▶ Exercise aim:
Below are some entries. Transcribe the lines from the one holding "- Een goed uitgeruste" to the one holding "2学期が始まって2週間。新し", inclusive, but not the pictures among them.

Supplied entries START

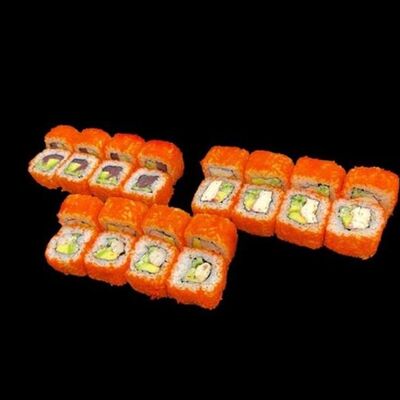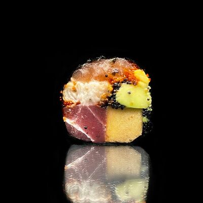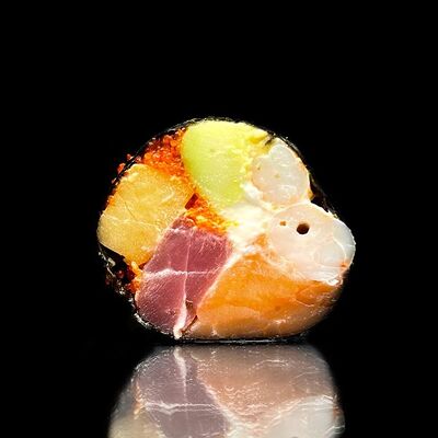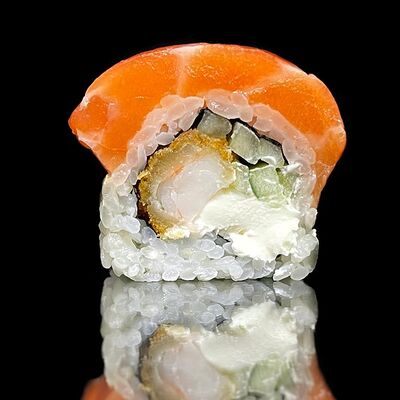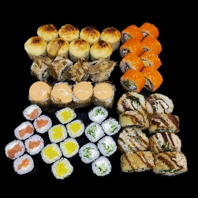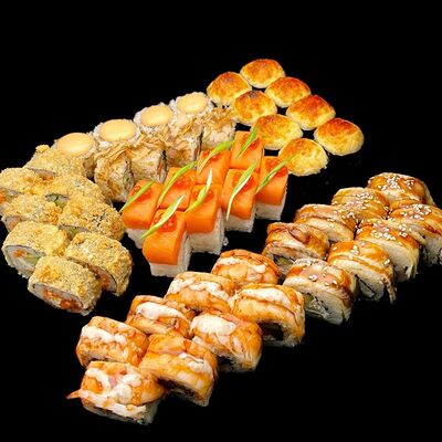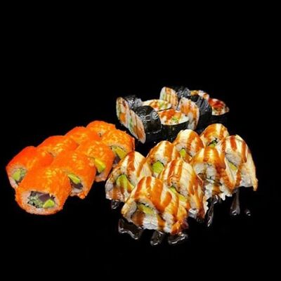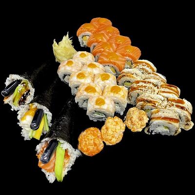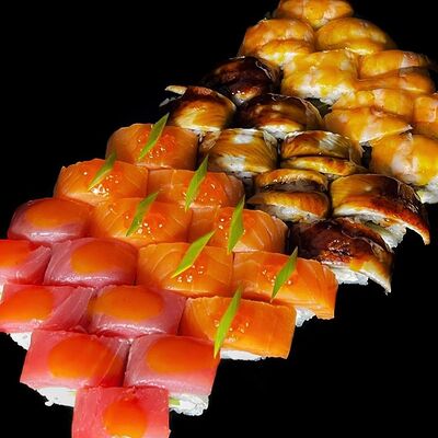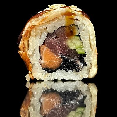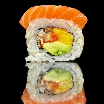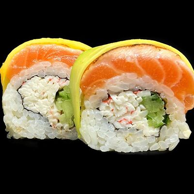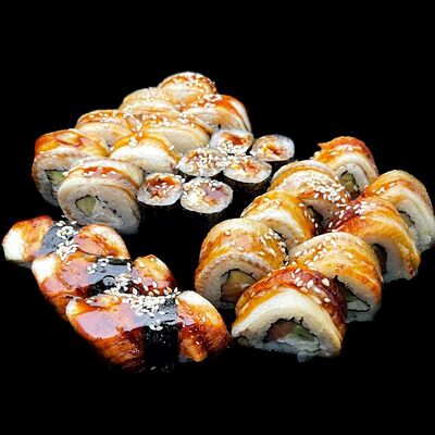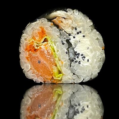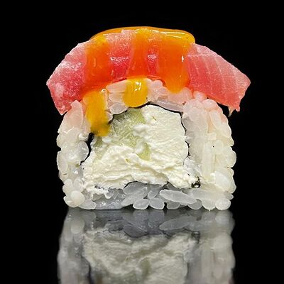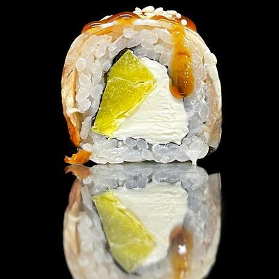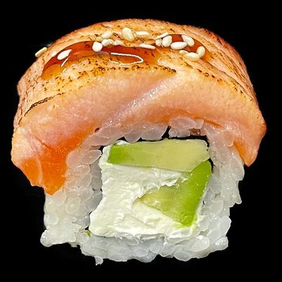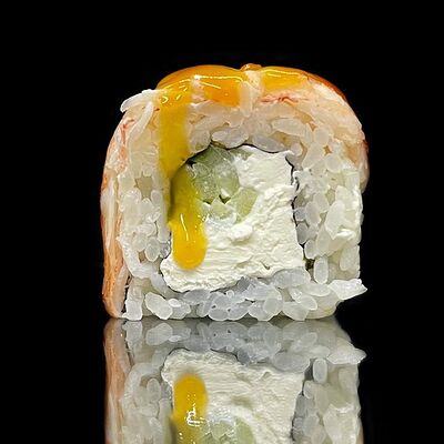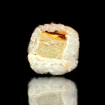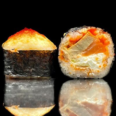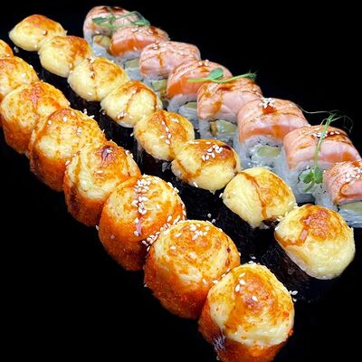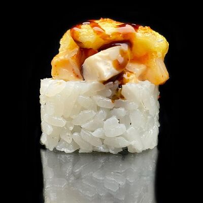 Лосось, сыр, омлет тамаго, соус унаги, соус спайси, рис, нори, сыр пармезан
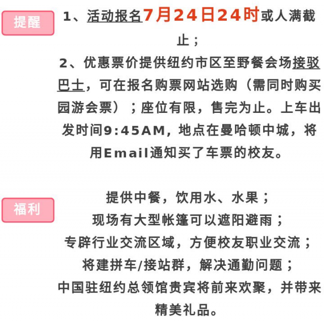 为方便纽约市内校友,我们专门以极其优惠的票价提供大巴服务往返。
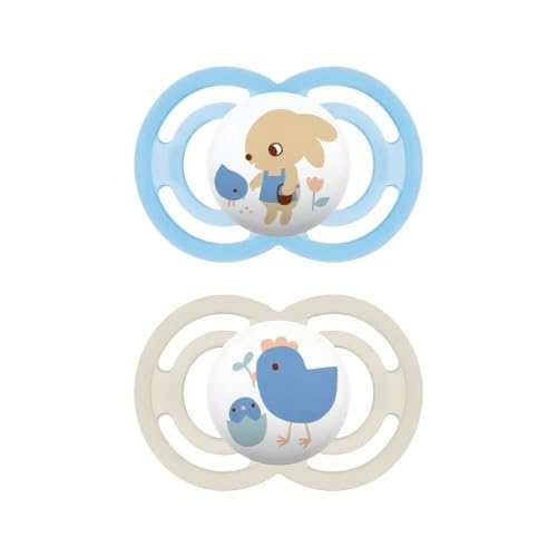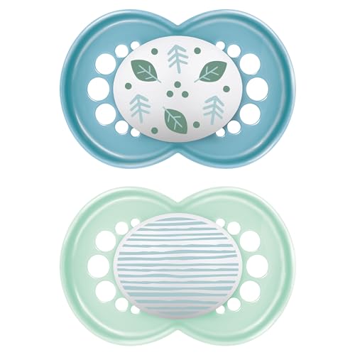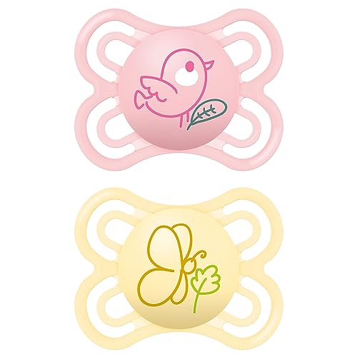 MAM Perfect Lot de 2 tétines pour un développement sain des dents et de la mâchoire, en matériaux durables et bio-renouvelables, avec boîte à tétine, pour bébé de 0 à 6 mois, motif oiseau/papillon
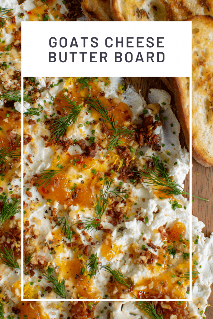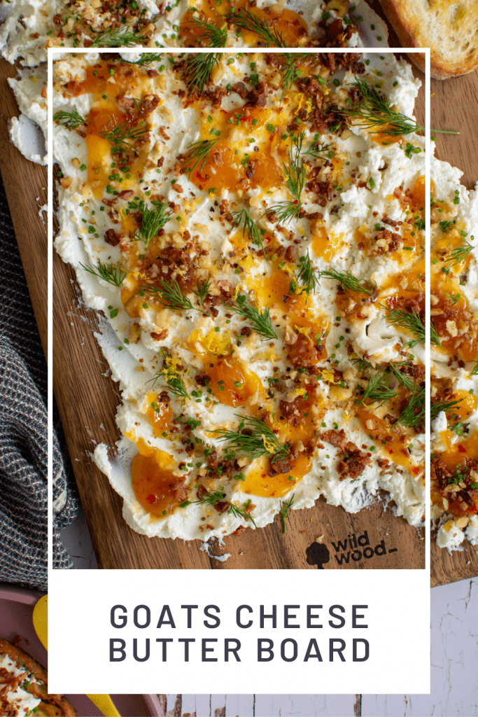 The sheer beauty of this recipe is its simplicity! I’ve put together my favourite toppings for this particular goat’s cheese butter board, but if you keep scrolling, you will find some delicious alternative options you can add too.
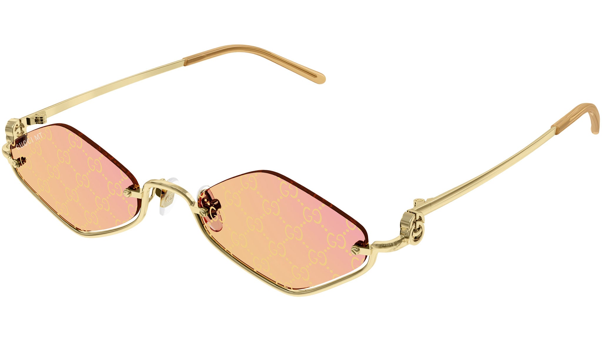Occhiali da sole Gucci linea GG Logo modello GG1604S geometrici in metallo codice colore 004 oro endura lucido con aste oro e lenti color giallo scuro solido + mini logo Guccissima.
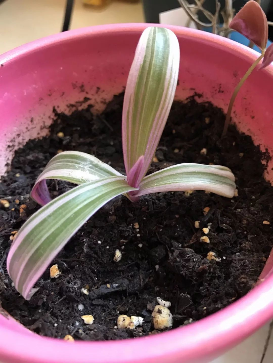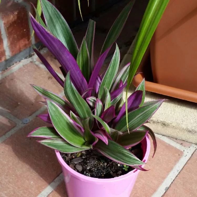 上面是三色紫背万年青 Tradescantia spathacea 'Tricolor'
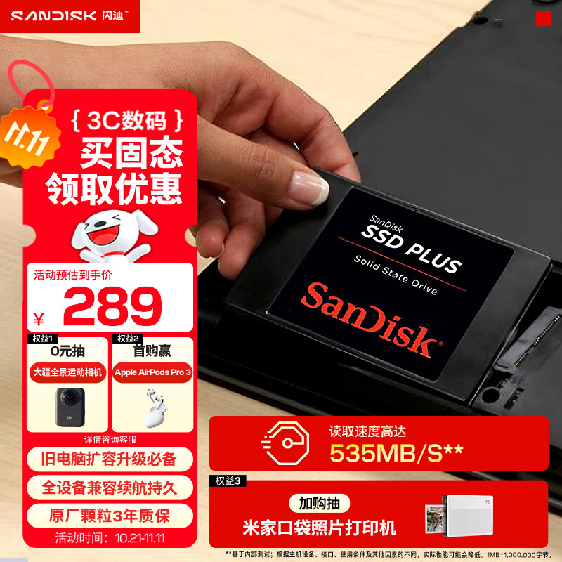 闪迪(SanDisk)480GB SSD固态硬盘535MB/s读速PLUS性能加强版SATA接口2.5英寸TLC颗粒台式机笔记本扩容电脑升级
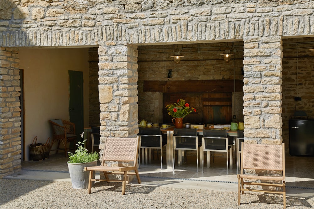 - Een goed uitgeruste landelijke keuken met een Falcon gasfornuis, vaatwasser, Amerikaanse koelkast, Nespresso-apparaat en magnetron. De keuken heeft een groot eiland en een extra eettafel.
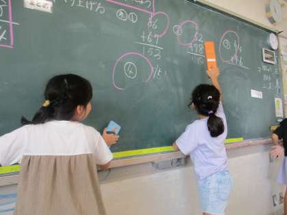 2学期が始まって2週間。新しく決めた一人一役も板についてきました。今日は、黒板消し担当です。
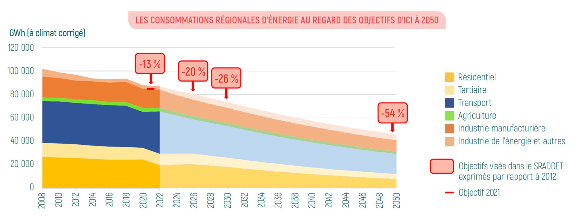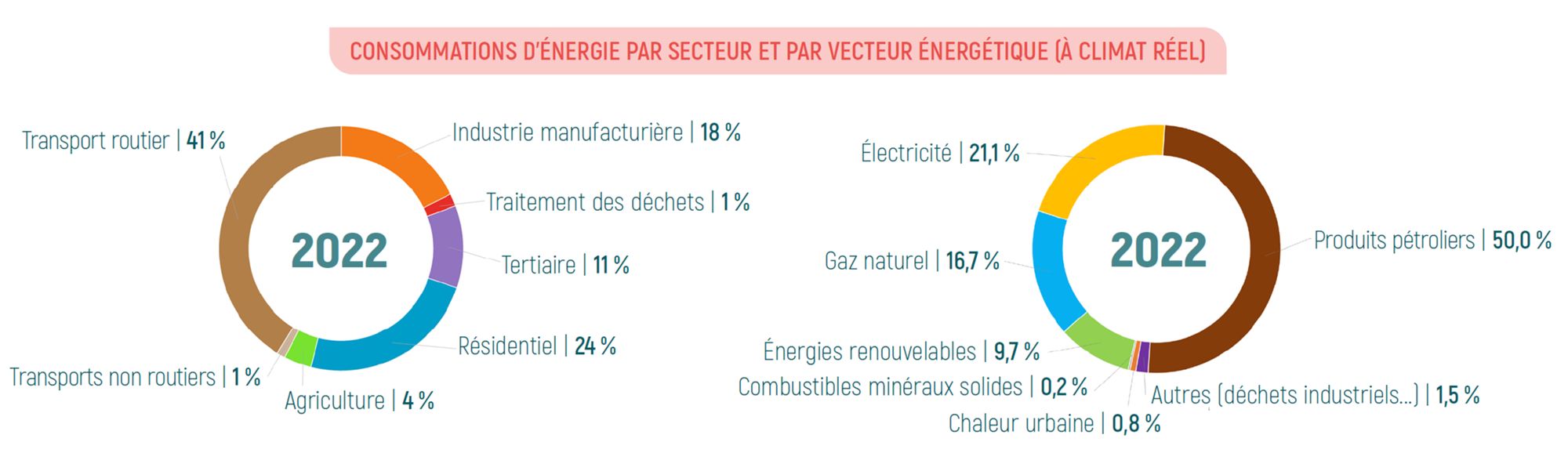 Il s’agit ici des consommations finales d’énergie sur le territoire, c’est-à-dire l’énergie consommée par les utilisateurs finals - ménages, transports (voyageurs et marchandises), industrie, secteur tertiaire et agriculture. Il ne comptabilise pas les consommations liées à la transformation, au stockage ou à la distribution d’énergie par les producteurs d’énergie (ex : production de chaleur pour les réseaux de chauffage urbain), ni les usages d’énergies en tant que matière première (ex : pétrochimie).

Supplied entries END

▶ Answer space:
 - Een goed uitgeruste landelijke keuken met een Falcon gasfornuis, vaatwasser, Amerikaanse koelkast, Nespresso-apparaat en magnetron. De keuken heeft een groot eiland en een extra eettafel.
 2学期が始まって2週間。新しく決めた一人一役も板についてきました。今日は、黒板消し担当です。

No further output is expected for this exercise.